Protein Complex Detection in PPI Networks Based on Data Integration and Supervised Learning Method
Feng Ying Yu,Zhi Hao Yang,Xiao Hua Hu,Yuan,Hong Fei Lin,Jian Wang
DOI: https://doi.org/10.1186/1471-2105-16-s12-s3
IF: 3.307
2015-01-01
BMC Bioinformatics
Abstract:Background Revealing protein complexes are important for understanding principles of cellular organization and function. High-throughput experimental techniques have produced a large amount of protein interactions, which makes it possible to predict protein complexes from protein-protein interaction (PPI) networks. However, the small amount of known physical interactions may limit protein complex detection. Methods The new PPI networks are constructed by integrating PPI datasets with the large and readily available PPI data from biomedical literature, and then the less reliable PPI between two proteins are filtered out based on semantic similarity and topological similarity of the two proteins. Finally, the supervised learning protein complex detection (SLPC), which can make full use of the information of available known complexes, is applied to detect protein complex on the new PPI networks.
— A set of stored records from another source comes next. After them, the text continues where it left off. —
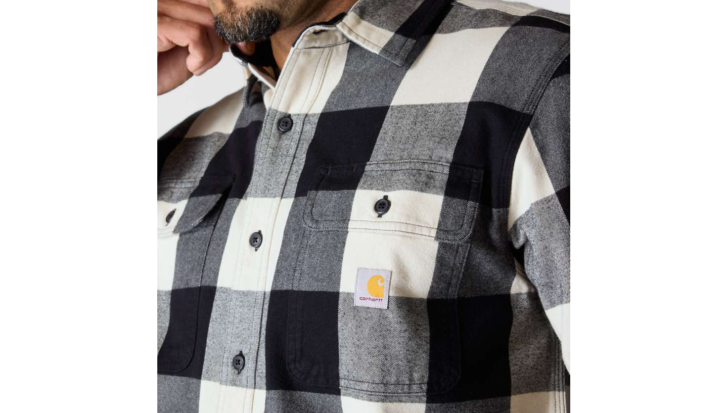 Loose Fit · Two-piece stand collar · Two pleats along back yoke seam for ease of movement · Long Sleeve · Two chest pockets with flaps and button closure and left chest pocket with pencil opening · Button front closure · Two-button adjustable cuffs with extended plackets · Triple stitched main seams · Garment washed for a soft finish and reduced shrinkage · Carhartt label sewn on pocket · 8 oz/yd² - 272 gsm · Solid & Grindle Flannel · 100% Cotton
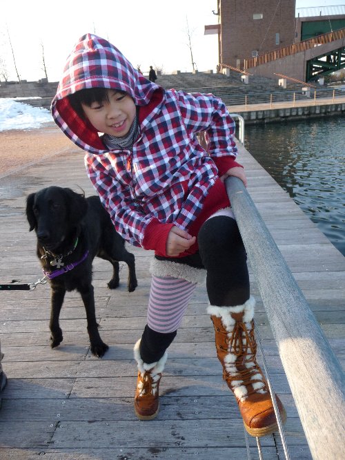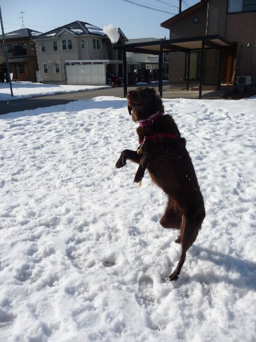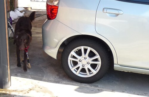 凜ちゃん玄関に出てこなかったんでカヤだけ先に外へ、パパとねえちゃん待ってるのかなぁ?
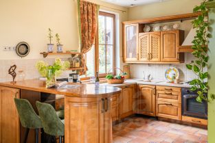 - дизайнерские интерьеры, мебель из массива дерева, теплые полы, кондиционеры
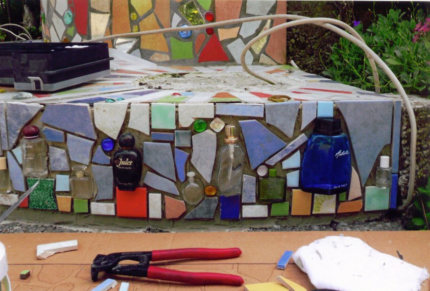 An Mosaiksteinen verwende ich diesesmal meine zusammengesammelten rechteckigen Fliesenstücke und baue sie so ein, dass sie wie kleine Sockel für die Parfumflaschen wirken. Das Stromkabel für meine Lichtsäule ist auch schon verlegt.

Results The experimental results of SLPC on two different categories yeast PPI networks demonstrate effectiveness of the approach: compared with the original PPI networks, the best average improvements of 4.76, 6.81 and 15.75 percentage units in the F-score, accuracy and maximum matching ratio (MMR) are achieved respectively; compared with the denoising PPI networks, the best average improvements of 3.91, 4.61 and 12.10 percentage units in the F-score, accuracy and MMR are achieved respectively; compared with ClusterONE, the start-of the-art complex detection method, on the denoising extended PPI networks, the average improvements of 26.02 and 22.40 percentage units in the F-score and MMR are achieved respectively. Conclusions The experimental results show that the performances of SLPC have a large improvement through integration of new receivable PPI data from biomedical literature into original PPI networks and denoising PPI networks. In addition, our protein complexes detection method can achieve better performance than ClusterONE.